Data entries

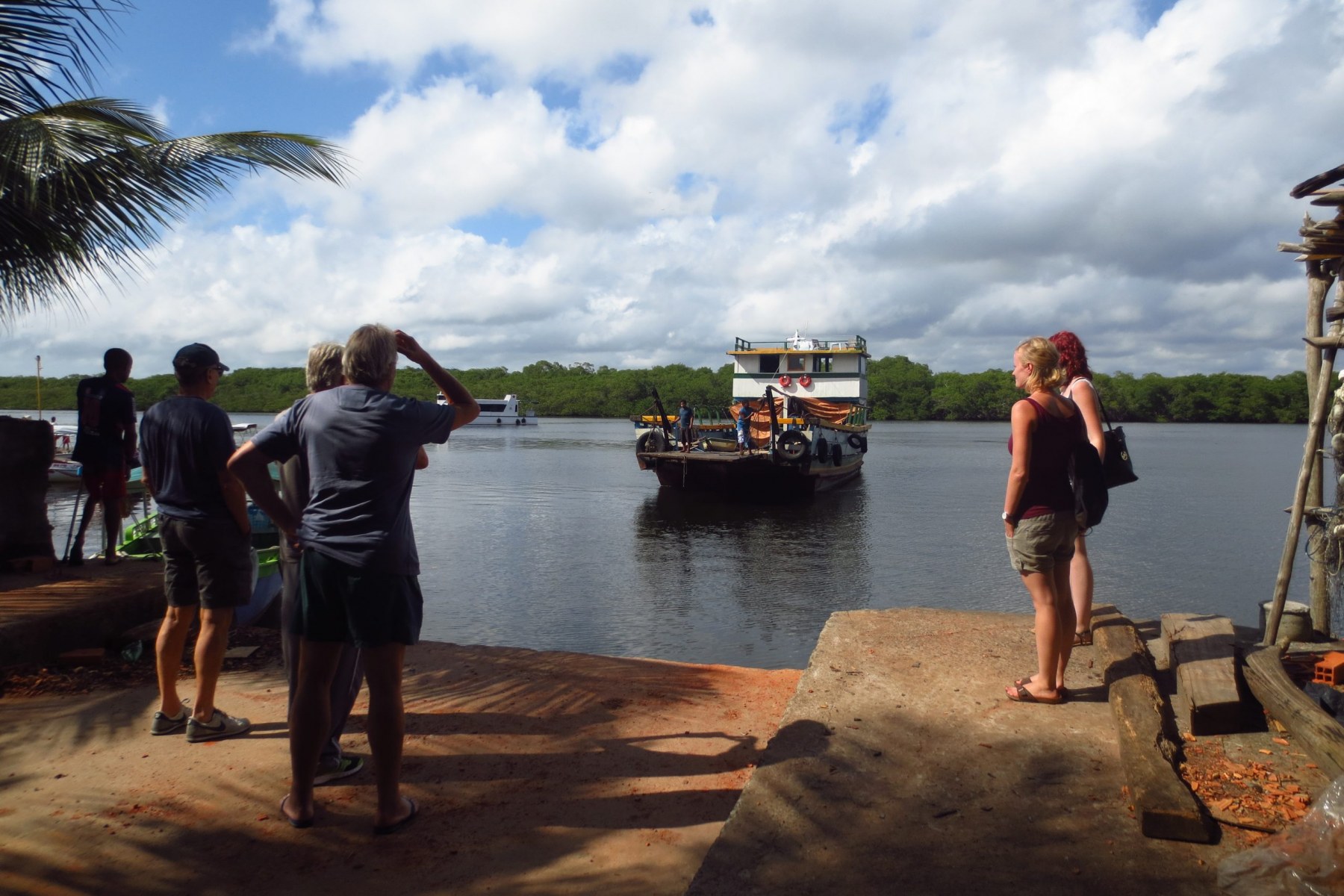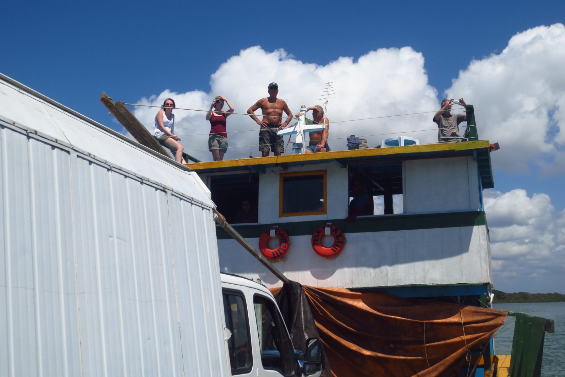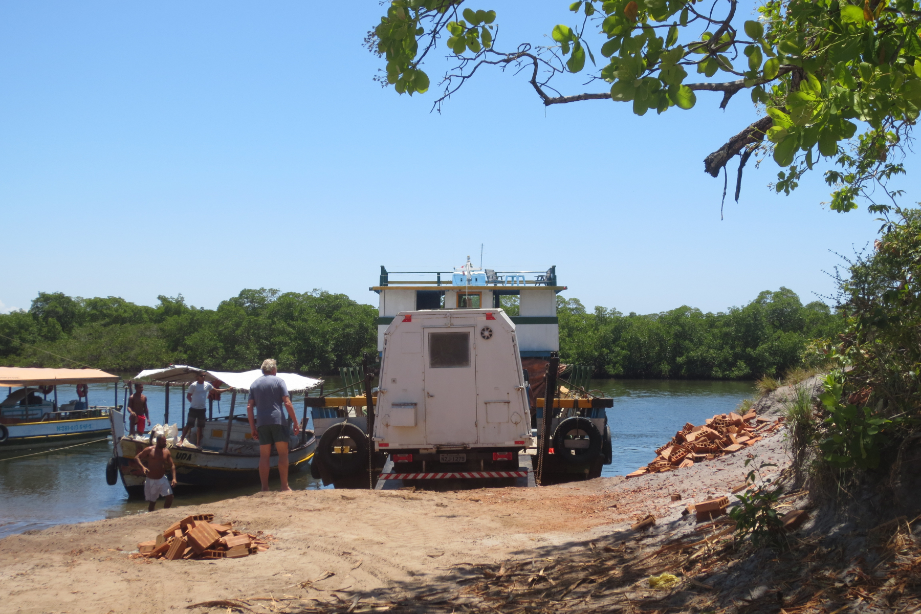Alles wunderbar – wir jubeln! Wir legen ab zur dreistündigen Überfahrt bei gleißendem Licht durch den von Mangroven gesäumten Meeresarm. Unser Kapitän begrüßt uns mit einem herzlichen Lächeln und vielen schwarzen Zahnlücken. Er ist ein erfahrener, alter Hase, der jede Sandbank genau kennt. Das gleißende Licht täuscht; obwohl der Oktober ein vergleichsweise milder Frühjahrsmonat in Brasilien ist, holen wir uns alle einen leichten Sonnenbrand und sind froh, als unser Zielort Boipeba Velha endlich in Sichtweite ist. Der Ort liegt direkt an einem langen Palmen-Strand, eine Art Hafenkai gibt es nicht. Geplant ist, die Rampe der Fähre am flachen Ufer ab zu senken und das DM über den festen Strand auf den nahe gelegenen Dorfplatz zu fahren. Aber schnell ist klar, dass das so nicht gelingen wird: Die Fähre kommt nicht nah genug ans Ufer, die Rampe ist zu kurz, der Winkel zu spitz. Das DM würde bei der Abfahrt aufsetzen.
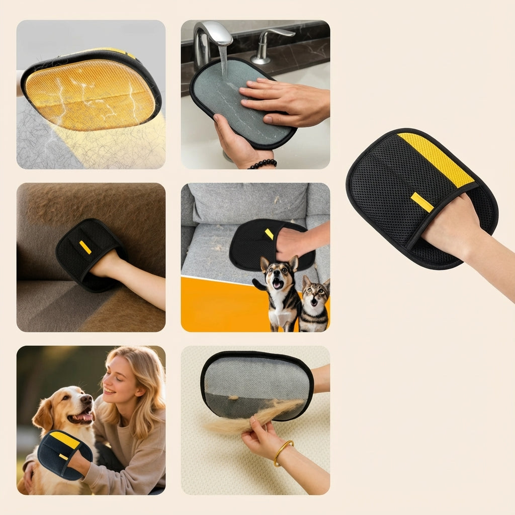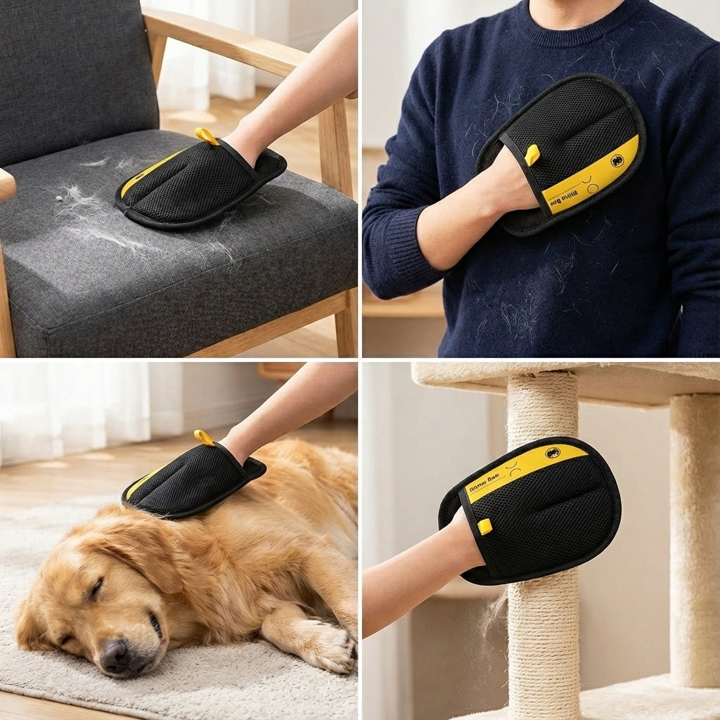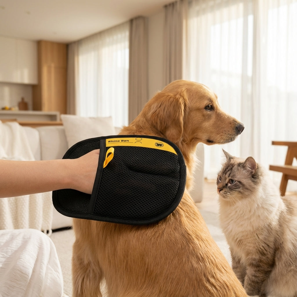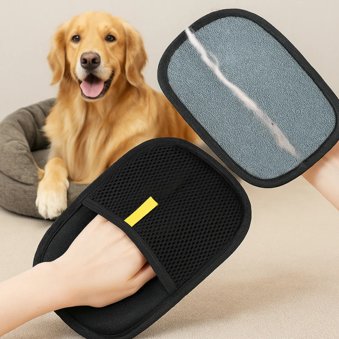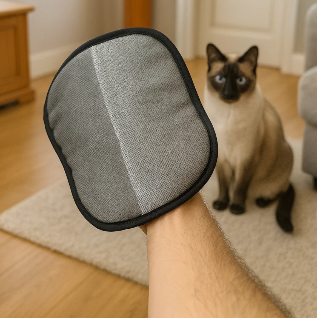 Our electrostatic grooming glove removes loose hair in seconds — gently and effortlessly.
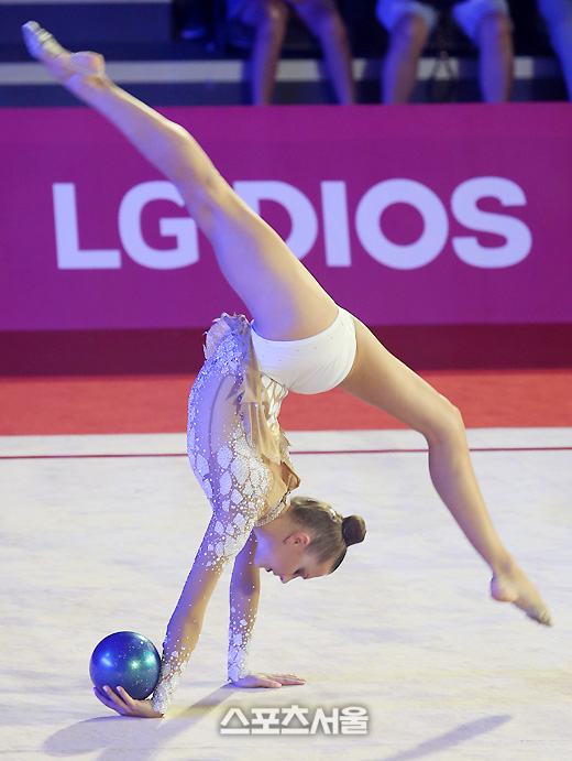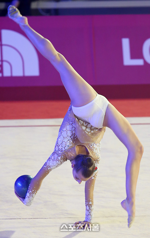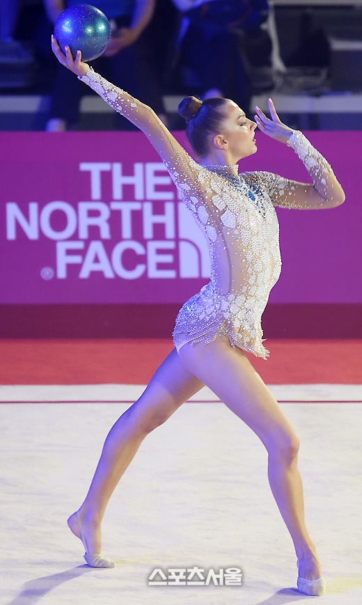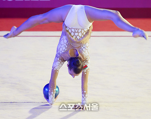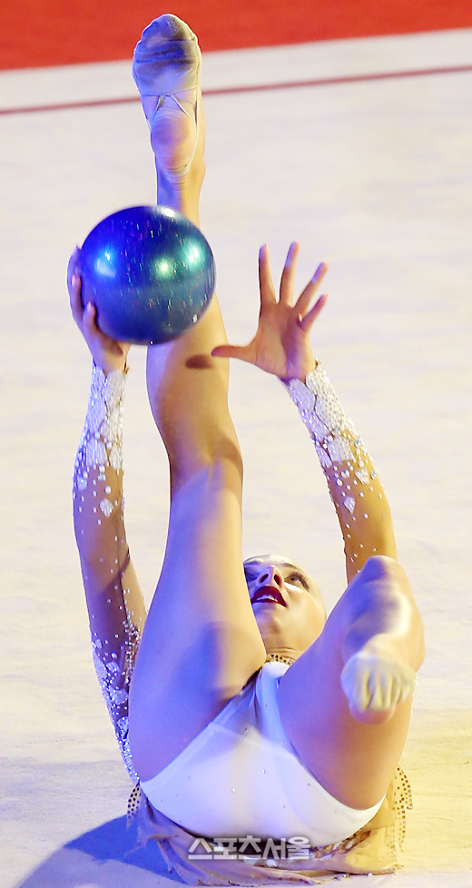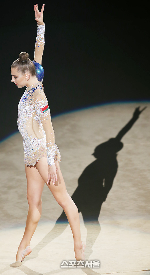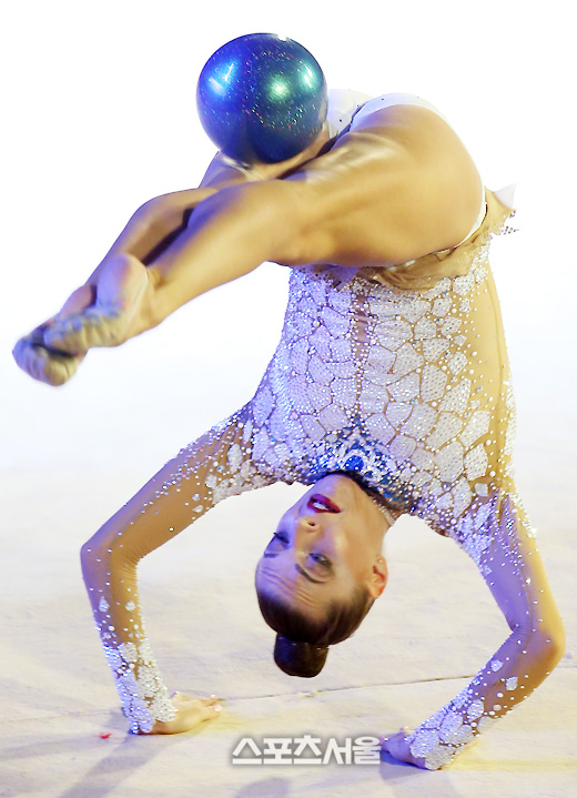 [스포츠서울=고양 강명호기자] 지난 16일과 17일 이틀간 경기도 고양시 고양체육관에서 열린 '2016 세계 리듬체조 올스타 초청 갈라쇼'에서 가장 먼저 연기를 선보인 외국 선수는 바로 벨라루스의 멜리티나 스타니우타(22)였다. 지난 해 '제28회 광주 하계유니버시아드대회' 리듬체조 리본 금메달, 곤봉 은메달, 후프 동메달을 획득한 바 있는 실력자 멜리티나 스타니우타의 '환상의 볼연기'를 한 곳에 모았다. 2016.09.18.
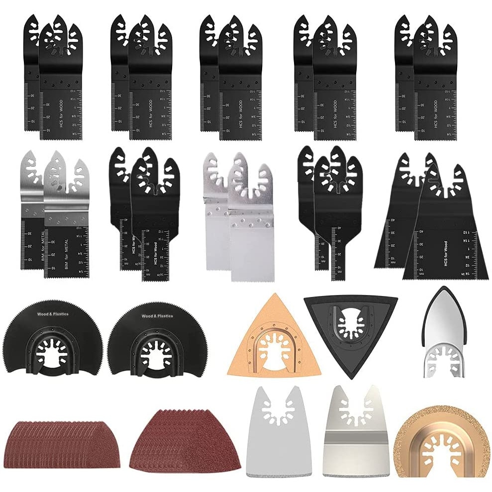 Set accesorii pentru masina multifunctionala oscilanta, taiere metal, lemn, plastic, accesorii multiunealta, 105 piese pentru Fein, Bosch, Makita, Dewalt
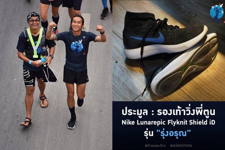สำหรับรองเท้าวิ่งยี่ห้อไนกี้ รุ่น Lunarepic Flyknit Shield iD ชื่อรุ่งอรุณ เป็นชื่อที่พี่ตูนบอดี้สแลม ตั้งชื่อให้กับบริษัทไนกี้และที่สำคัญคู่นี้เป็นรุ่นที่พี่ตูนเป็นผู้ออกแบบคู่เดียวในโลก ซึ่งรายได้ทั้งหมดบริจาคให้กับโรงพยาบาลบางสะพานเช่นกัน
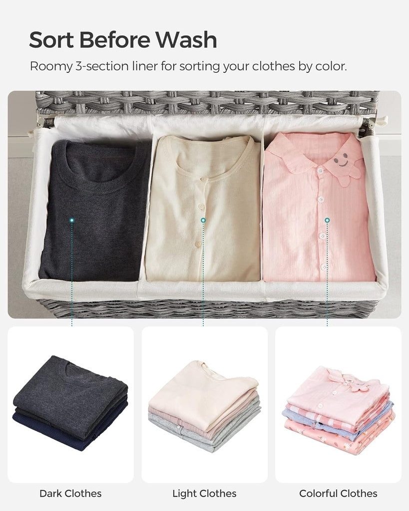 3-Section Laundry Basket with Lid: The lid can be easily opened with one hand and helps to contain unpleasant odors and keep dust out. The 3 separate sections allow you to pre-sort your laundry into darks, lights, and colored clothing for easy washing
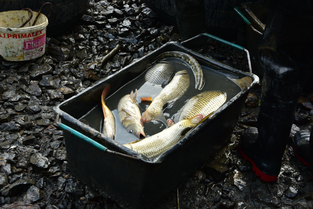 Jednalo se o více něž 10 metráků ryb a bylo to poměrně pestré složení: kapr, štika, candát, lín, amur … a především překvapivě velké množství bílé ryby, především plotic.
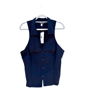 NWT Urban Outfitters Party Girl Button Down Sleeveless Shirt Black, Sz XL
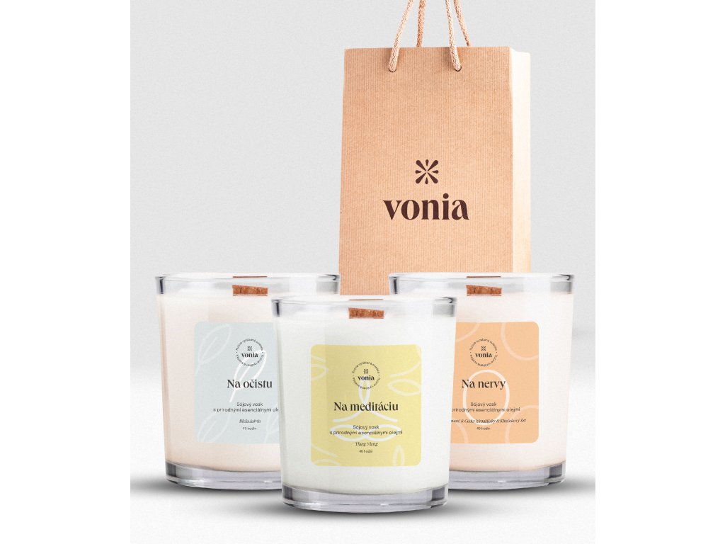 Darčekový set troch 100 % prírodných sójových sviečok, ktoré vám prinesú harmóniu, pokoj a rovnováhu. Zabalené v elegantnej darčekovej taške.
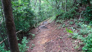 途端に急階段になる。危険の標識。なかなか長い。主としてプラスチック階段。お尻を着いて慎重に。
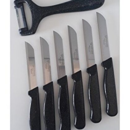 مجموعة سولينغن مكونة من 6 سكاكين فضية للفاكهة السوداء ومقشرة مستقيمة |
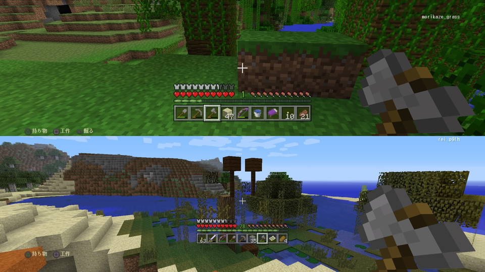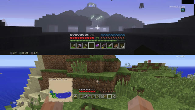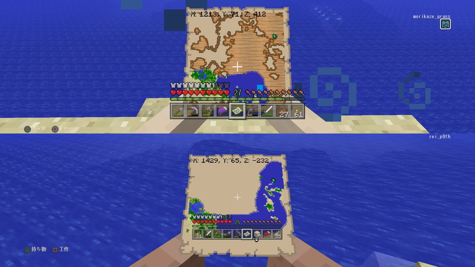 韻城さんとマイクラをして、製図家から森の地図と海の地図をもらいました。
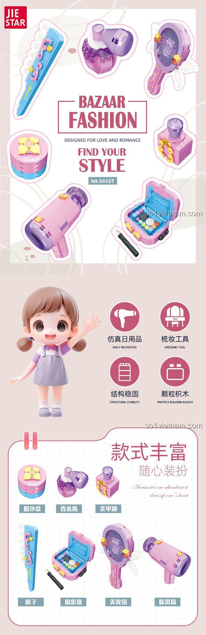 Với tông màu chủ đạo là hồng pastel, tím và trắng, bộ đồ chơi Bazaar Fashion JIESTAR 58127 mang đến một vẻ ngoài ngọt ngào, nữ tính, hoàn hảo cho các bé gái. Các chi tiết được thiết kế mô phỏng chân thực các vật dụng trang điểm quen thuộc như máy sấy tóc, gương soi, bảng phấn mắt, chai nước hoa, lược chải tóc, và hộp đựng mỹ phẩm. Kích thước các mảnh ghép vừa vặn, dễ dàng cho bé cầm nắm và lắp ráp. Tỉ lệ mô hình được thiết kế hợp lý, tạo cảm giác như một bộ trang điểm thu nhỏ, giúp bé dễ dàng hình dung và nhập vai.
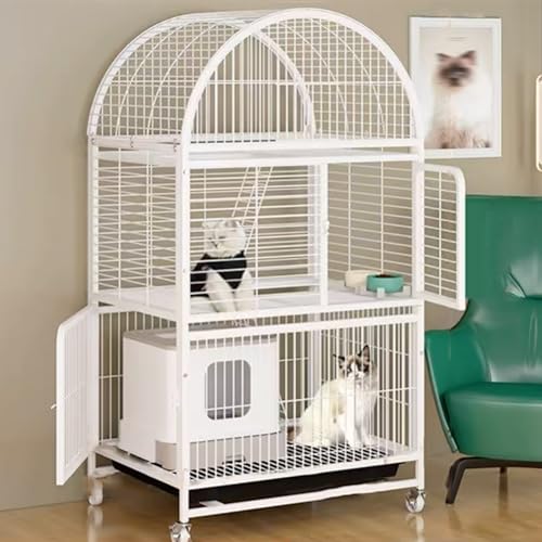 Enclos pour chat avec cage métallique à 3 niveaux, design dôme avec porte coulissante verrouillable, idéal pour les petits animaux de compagnie, cadre robuste pour une utilisation en intérieur
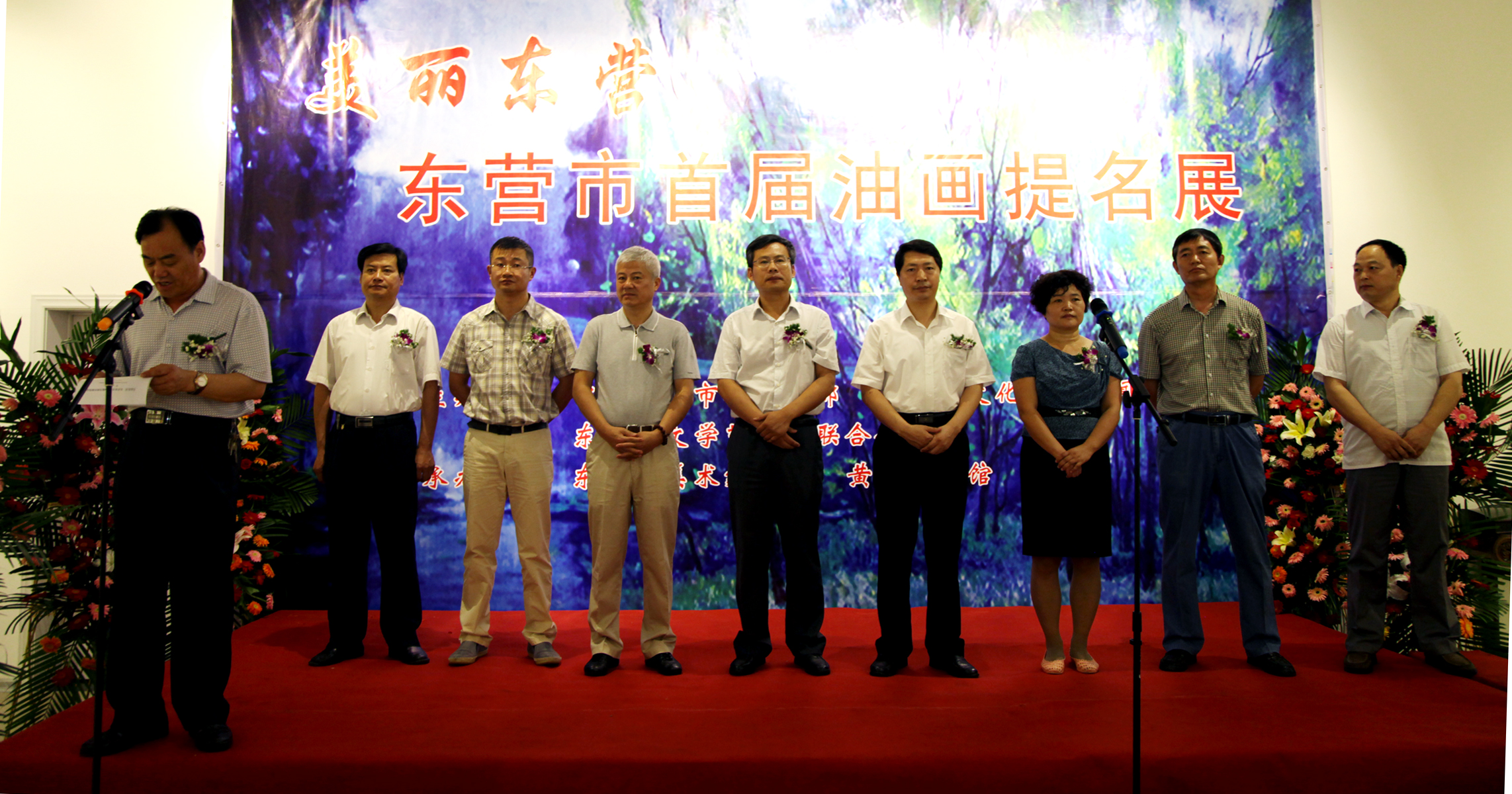 参加展览的领导和嘉宾(自左至右):东营市文学艺术界联合会主席、山东省美协副主席任勤林;东营市文联副主席王玉文;著名青年油画家赵俊忠;上海德通投资有限公司董事长苏永昂;中共东营市委宣传部副部长、东营市文化广电新闻出版局局长崔相国;中共东营市委宣传部副部长崔建国;东营市文联副主席周长虹;东营市美术家协会主席陈宏光;黄河美术馆馆长景宁。

### Exercise instructions
Please leave out the pictures while you copy exactly the lines from the one containing "Darčekový set troch" through the end of the records.

### Solution for this problem
 Darčekový set troch 100 % prírodných sójových sviečok, ktoré vám prinesú harmóniu, pokoj a rovnováhu. Zabalené v elegantnej darčekovej taške.
 途端に急階段になる。危険の標識。なかなか長い。主としてプラスチック階段。お尻を着いて慎重に。
 مجموعة سولينغن مكونة من 6 سكاكين فضية للفاكهة السوداء ومقشرة مستقيمة |
 韻城さんとマイクラをして、製図家から森の地図と海の地図をもらいました。
 Với tông màu chủ đạo là hồng pastel, tím và trắng, bộ đồ chơi Bazaar Fashion JIESTAR 58127 mang đến một vẻ ngoài ngọt ngào, nữ tính, hoàn hảo cho các bé gái. Các chi tiết được thiết kế mô phỏng chân thực các vật dụng trang điểm quen thuộc như máy sấy tóc, gương soi, bảng phấn mắt, chai nước hoa, lược chải tóc, và hộp đựng mỹ phẩm. Kích thước các mảnh ghép vừa vặn, dễ dàng cho bé cầm nắm và lắp ráp. Tỉ lệ mô hình được thiết kế hợp lý, tạo cảm giác như một bộ trang điểm thu nhỏ, giúp bé dễ dàng hình dung và nhập vai.
 Enclos pour chat avec cage métallique à 3 niveaux, design dôme avec porte coulissante verrouillable, idéal pour les petits animaux de compagnie, cadre robuste pour une utilisation en intérieur
 参加展览的领导和嘉宾(自左至右):东营市文学艺术界联合会主席、山东省美协副主席任勤林;东营市文联副主席王玉文;著名青年油画家赵俊忠;上海德通投资有限公司董事长苏永昂;中共东营市委宣传部副部长、东营市文化广电新闻出版局局长崔相国;中共东营市委宣传部副部长崔建国;东营市文联副主席周长虹;东营市美术家协会主席陈宏光;黄河美术馆馆长景宁。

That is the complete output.